# What you have to do
Beginning at the line that contains "Мать профильная, на" and finishing at the line that contains "All production steps", output the data below exactly. Include both end lines and no pictures.

# Material to process
- - - -
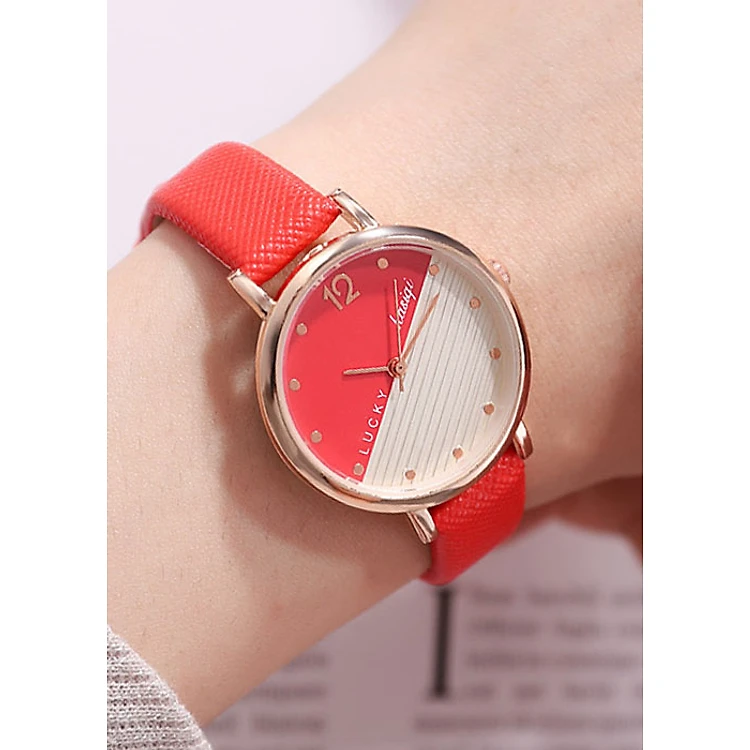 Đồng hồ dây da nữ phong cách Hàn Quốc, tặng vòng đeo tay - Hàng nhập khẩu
- - - -
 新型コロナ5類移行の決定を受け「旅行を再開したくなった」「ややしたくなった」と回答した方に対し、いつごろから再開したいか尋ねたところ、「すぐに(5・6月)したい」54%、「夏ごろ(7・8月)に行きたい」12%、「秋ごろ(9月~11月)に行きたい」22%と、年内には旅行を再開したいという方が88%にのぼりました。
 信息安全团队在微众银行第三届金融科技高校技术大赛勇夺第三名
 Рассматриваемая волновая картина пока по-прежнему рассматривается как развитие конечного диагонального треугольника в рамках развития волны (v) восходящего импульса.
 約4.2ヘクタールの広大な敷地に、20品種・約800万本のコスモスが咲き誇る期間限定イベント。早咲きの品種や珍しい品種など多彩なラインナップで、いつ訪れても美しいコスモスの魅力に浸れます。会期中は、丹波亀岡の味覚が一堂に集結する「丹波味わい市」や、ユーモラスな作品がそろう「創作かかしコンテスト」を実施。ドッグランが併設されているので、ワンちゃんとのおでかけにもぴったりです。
- - - -
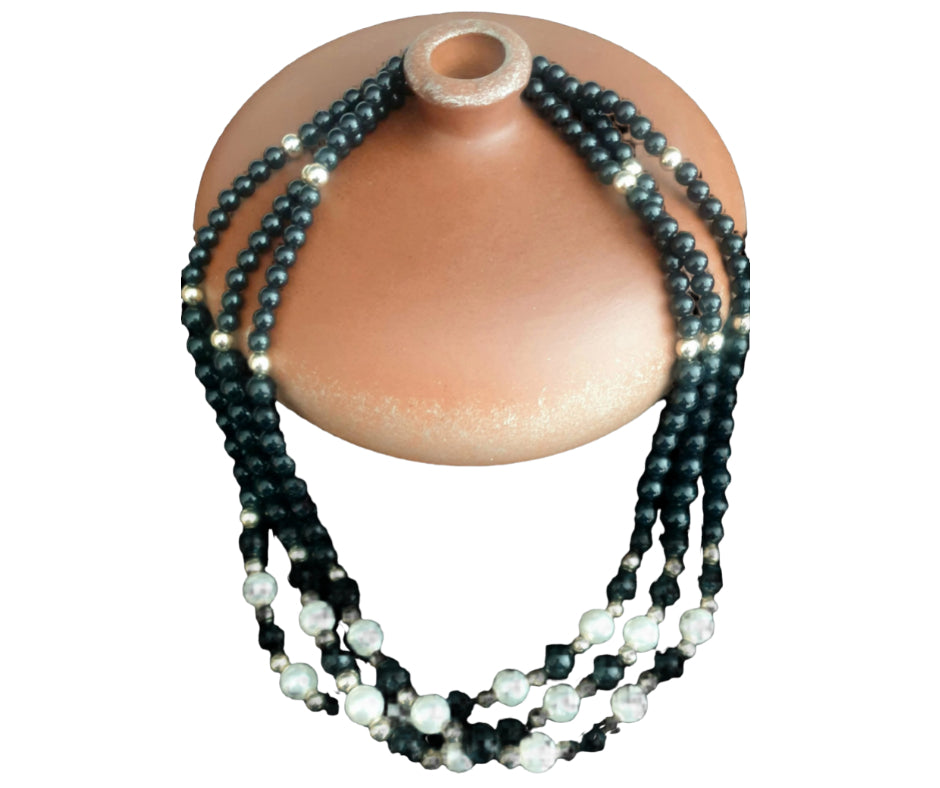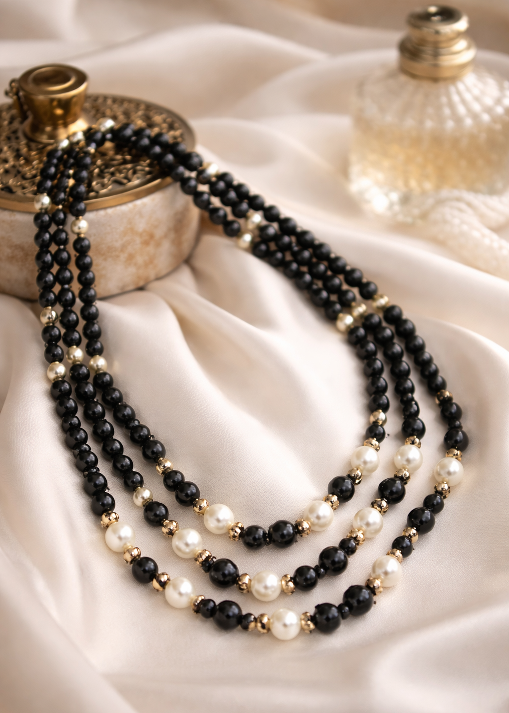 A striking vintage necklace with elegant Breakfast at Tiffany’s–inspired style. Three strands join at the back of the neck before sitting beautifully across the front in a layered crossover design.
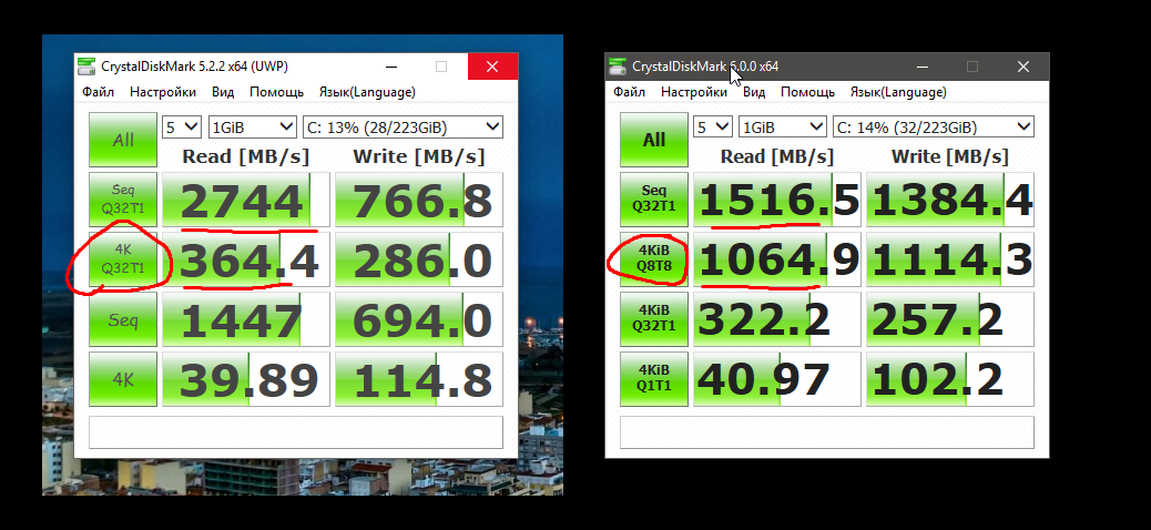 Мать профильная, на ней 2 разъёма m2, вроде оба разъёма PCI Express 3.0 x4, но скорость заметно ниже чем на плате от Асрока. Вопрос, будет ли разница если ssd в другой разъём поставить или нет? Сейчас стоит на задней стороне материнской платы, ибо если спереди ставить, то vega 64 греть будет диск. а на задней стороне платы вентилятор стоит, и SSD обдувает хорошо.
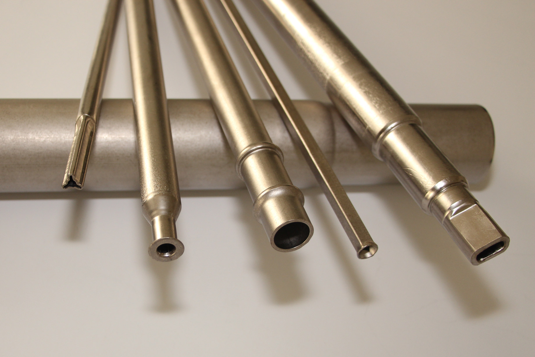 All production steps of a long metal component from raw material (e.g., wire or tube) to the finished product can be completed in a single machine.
- - - -
# Your solution
 Мать профильная, на ней 2 разъёма m2, вроде оба разъёма PCI Express 3.0 x4, но скорость заметно ниже чем на плате от Асрока. Вопрос, будет ли разница если ssd в другой разъём поставить или нет? Сейчас стоит на задней стороне материнской платы, ибо если спереди ставить, то vega 64 греть будет диск. а на задней стороне платы вентилятор стоит, и SSD обдувает хорошо.
 All production steps of a long metal component from raw material (e.g., wire or tube) to the finished product can be completed in a single machine.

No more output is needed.